This sterling silver charger was a wedding present 73 years ago from cousin Connie. The big brass trivet was a gift from Fran Koob, one of her best friends from the past 60 years. The Delft plate was a gift she brought home from Holland for my grandmother after my mother’s one and only trip to Europe half a century ago.

Did I want any of these treasures? If I didn’t, who might? My sister, my brother, my children, her great-grandchildren living in New Zealand? Where should all these things go? Who would remember how important they are? These conversations broke my heart.

I turned 70 two weeks ago, and my recent visit to my mother’s in New York was the first one during which my 95-year-old mother did not treat me like her child. She didn’t remind me how to load the dishwasher. She didn’t feel it necessary to instruct me on how to make her bed.

She assumed I would know how to hang up her clothes so they wouldn’t wrinkle. To my surprise, the absence of these conversations also broke my heart. She is wearing out. She is marshalling what remains of her strength.

What would be a good ending for all this? My mother still plays bridge three afternoons a week and Scrabble several evenings each week. She dresses stylishly for dinners in her senior-citizen complex and arranges tables of her friends who make good conversationalists on everything from climate change to Trump to the new rules for professional baseball. 

She would no more miss the evening news than she would fail to brush her teeth, all of which are hers. Limitations from a broken arm sustained in a fall three years ago sometimes make it difficult for her to dress herself, but she perseveres. The bi-monthly jazz piano programs, the sing-alongs, and the Thursday evening wine socials are not to be missed.

However, she is exhausted easily. She lies down during the day to rest, something she has scorned throughout her life as one of the seven deadly sins. Her hearing is starting to fail, but she refuses to entertain the idea of getting hearing aids. 

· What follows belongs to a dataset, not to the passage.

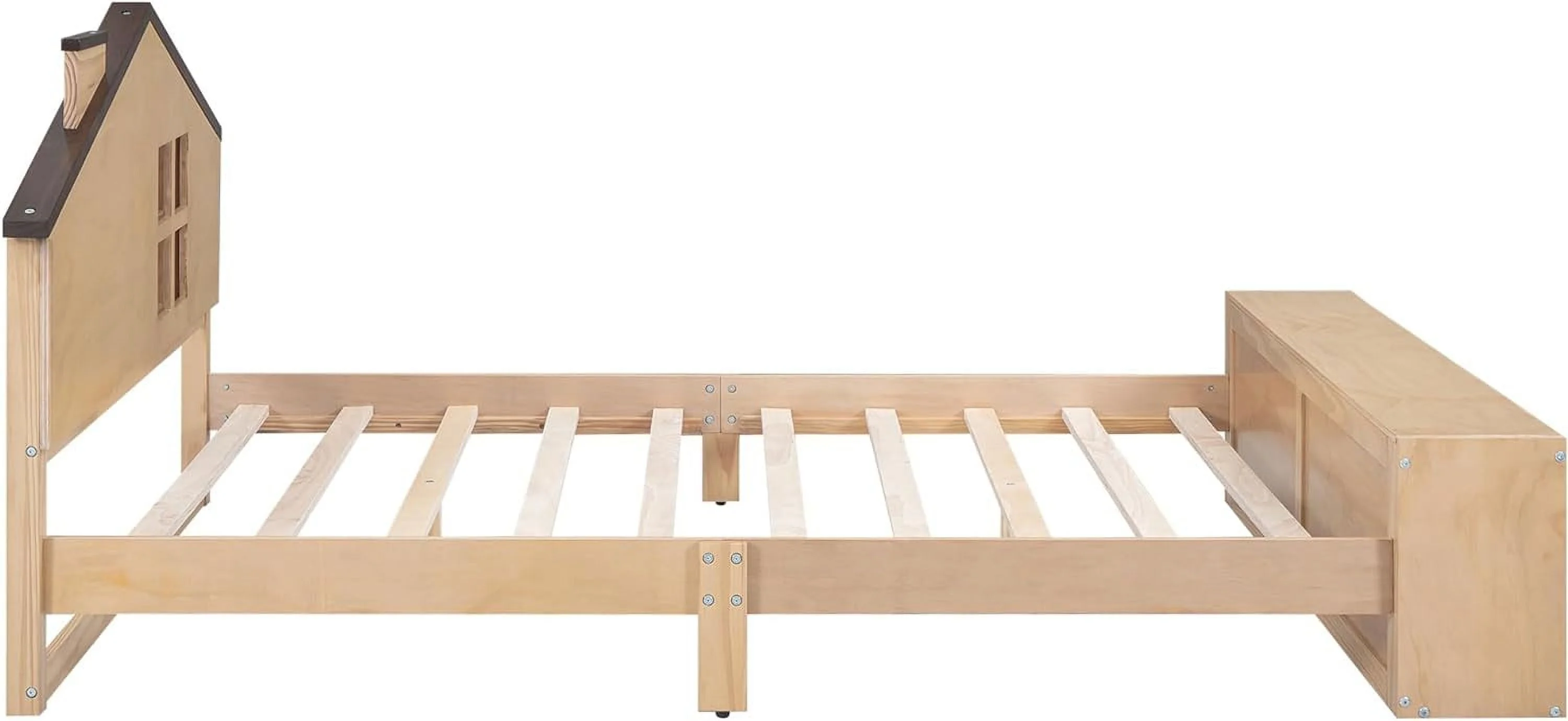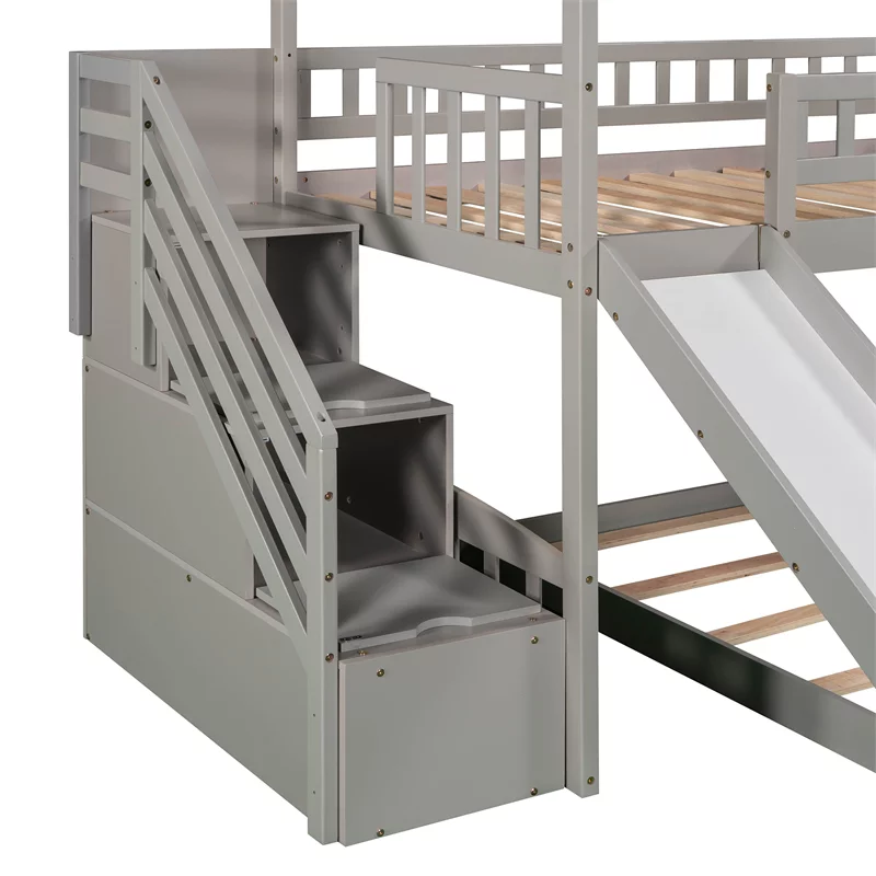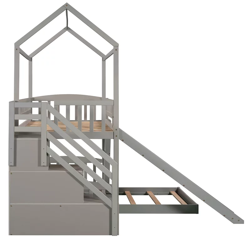 Full Bed With Trundle And Two Drawers, Wooden Platform Bed Frame (Gray)

Her eyesight is failing too. She has trouble reading at night before she goes to sleep and sorely misses the companionship of books and ideas. She doesn’t want audio books or a Kindle; it’s too much new technology. My sister and I recently insisted that she get an aide for the mornings when she takes a shower. She finally accepted the idea, but she protested all the live-long day.

And yet, if anyone at the facility where she lives asks how she is doing, my mother replies, “Oh, I’m getting on.” It seems to be the only answer anyone there gives. Although walkers line the perimeter of the dining room in the evening and cause traffic snarls when diners get up to leave, everyone there says, if asked, that they are getting on. 

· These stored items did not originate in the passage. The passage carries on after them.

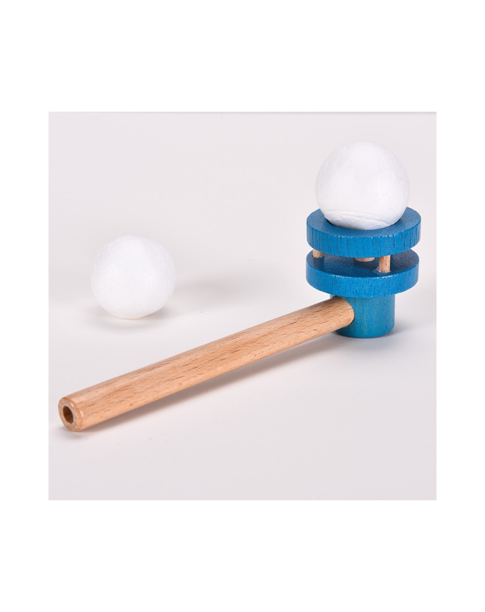 Sopre através do tubo de madeira e veja quanto tempo você consegue manter a bola flutuando!
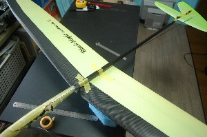 主翼ホーンの取り付け。 パイプに沿うように内傾させます。 |
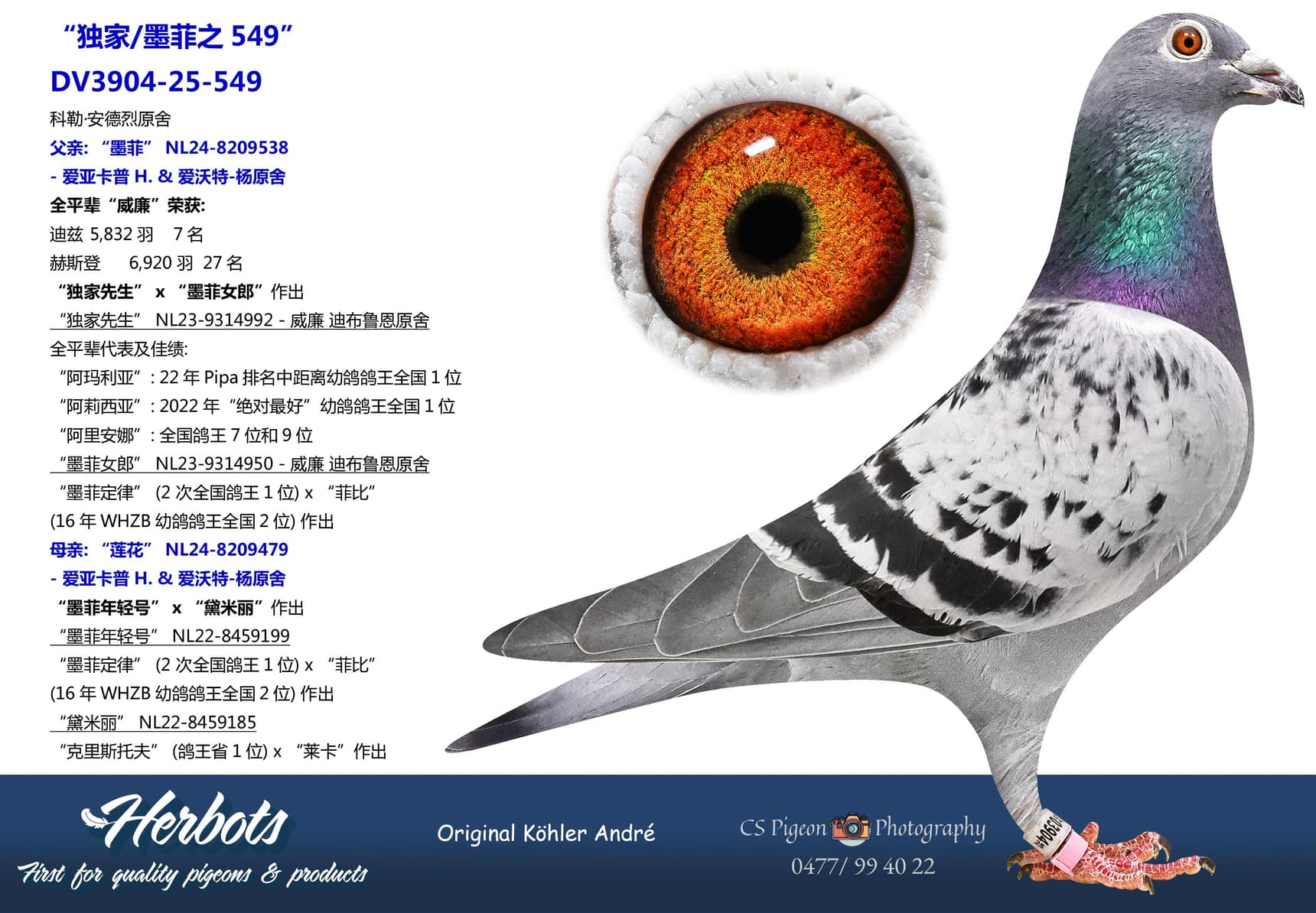 “阿莉西亚”: 2022年“绝对最好”幼鸽鸽王全国1位
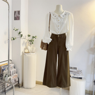 18345614 女长袖 设计师款 佐丹奴宽松miu系学院风花边立领格纹衬衫
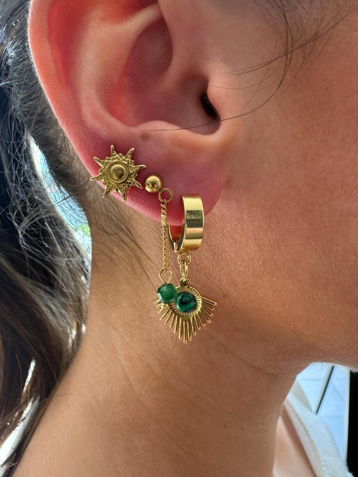 - Boucles pendantes avec perles d’aventurine verte, symbole de chance et d’harmonie
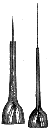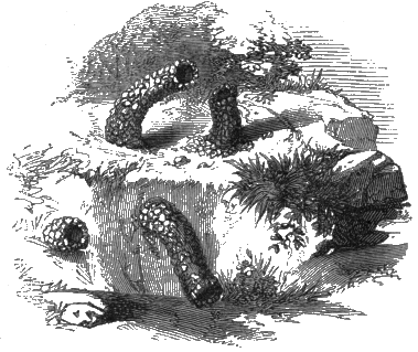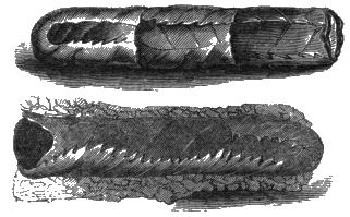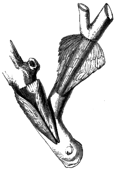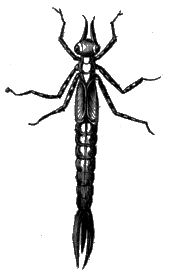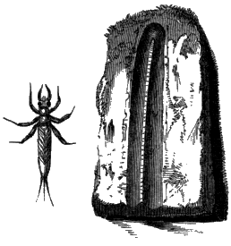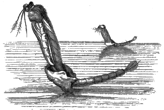 The Abdomen is, then, the only remaining portion of the insect which we have now to notice. It has no legs attached to it, and contains the intestines, and other portions of the insect's internal anatomy. It is formed of a varying number of rings, which are easily distinguishable in the wasp and many other insects, and these rings are connected together by delicate folds of membrane, fitting sometimes into each other like the tubes of a telescope; in other instances fastened together, [394] like so many hoops, by their edges. In consequence of this mode of structure it is often very movable, and may even be bent into a half curve, in various directions, at the pleasure of the insect. The common earwig is particularly gifted with this movableness of its abdomen; and so are many insects which carry weapons of offence or defence in their tails. These organs, or appendages, are deserving of a brief notice, although it is probable that the structure of some of them is already familiar to most readers.

It is, in some ways, the most astonishingly sanguine place I have ever been. Everyone is getting on despite their frailties. Like her, they are grateful for this soft landing during their final years, for the warmth and friendship they have found at a time in their lives when they are so vulnerable. If anyone’s grandchildren or great-grandchildren visit, they light up the entire place like a sun.

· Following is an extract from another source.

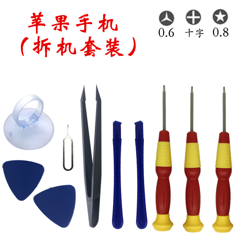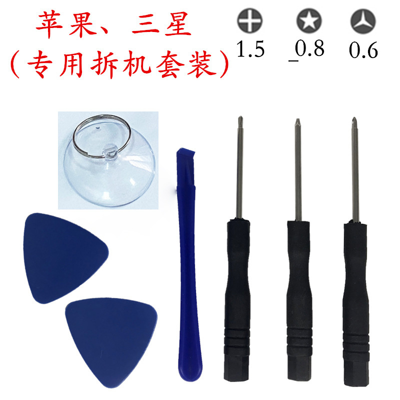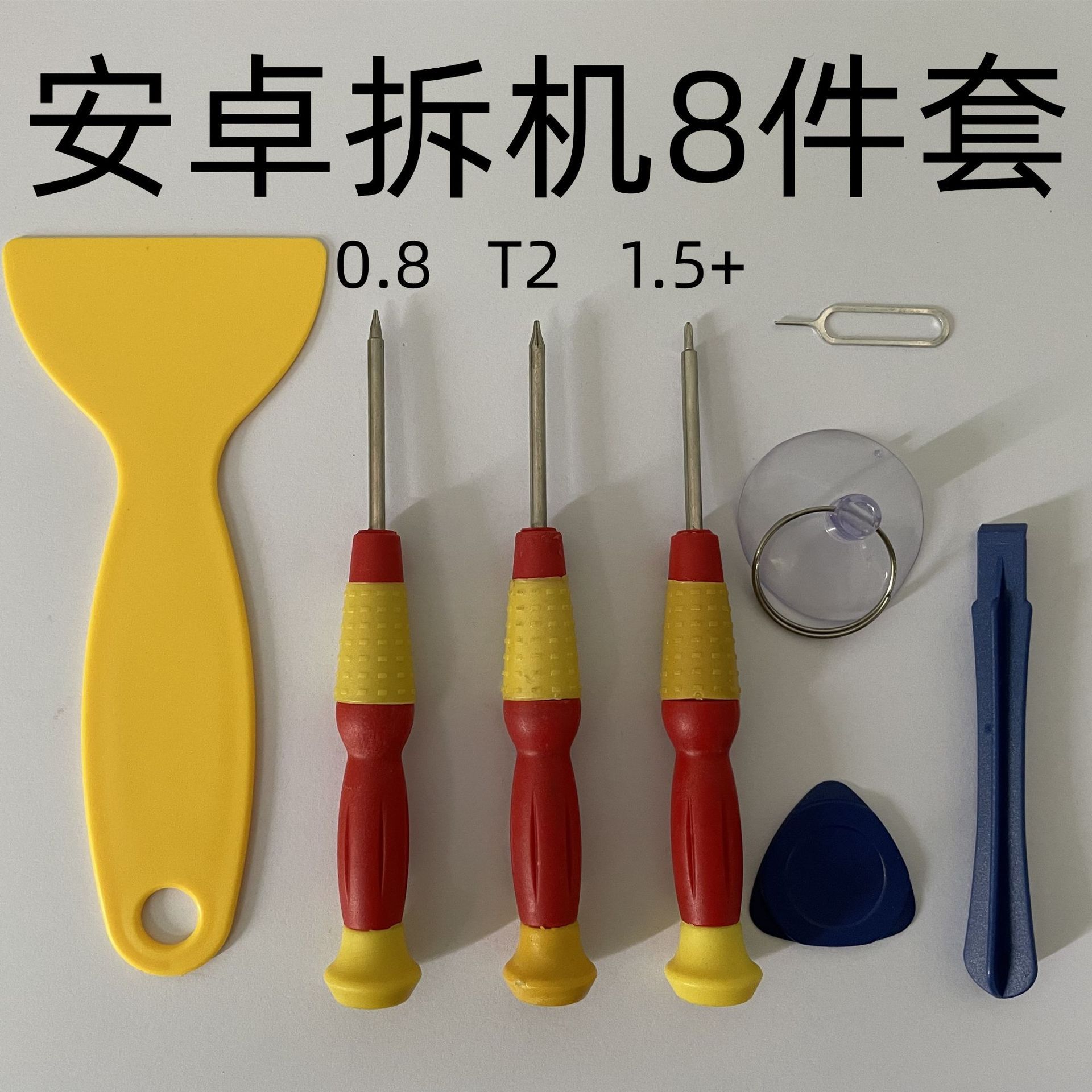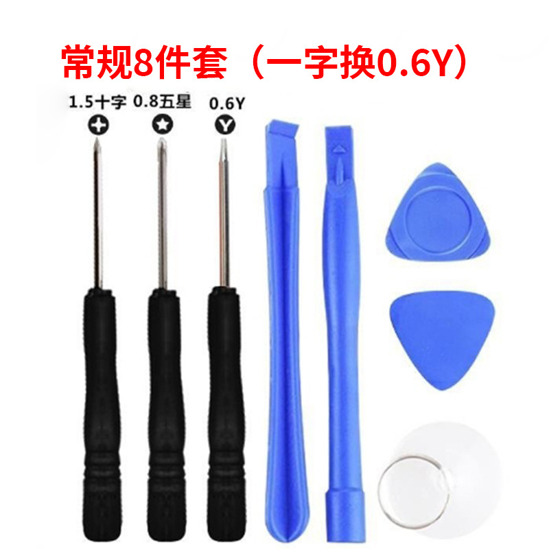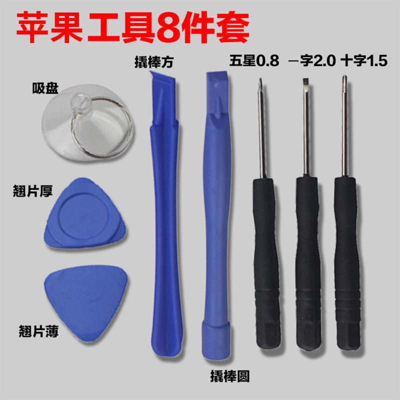 商品型号:一共8件,分别是0.8五星螺丝刀,十字螺丝刀,一字螺丝刀,两个拆机片,吸盘和两根拆机棒,带封口袋包装,拆机齐全的一套工具买家收货温馨提示:

In every apartment at my mother’s complex, however, are the treasures and clutter of a lifetime, all of it with an uncertain future. Her mother and her maternal grandmother both lived into their 90s. Some of their dishes, now almost 150 years old, are among my mother’s precious belongings and, like the Royal Worcester asparagus serving dish she received as a Christmas gift five decades ago, part of my inheritance. 

The hard part at the end will be to decide how to curate this heritage. Many stories will inevitably be lost, and once the stories are lost, the objects will have to stand on their own.

My mother would be distressed if she knew how few of her belongings I will actually take. But at my age, I have already started paring my own belongings in preparation for eventually downsizing and so as not to burden my children with this enormous task.

What strikes me, however, is that my mother’s treasures and collections present not so much as individual physical objects but as the tangible evidence of values that guided my parents’ lives. All these things came into their lives because of love, generosity, kindness, faith, and gratitude. This may be my true inheritance.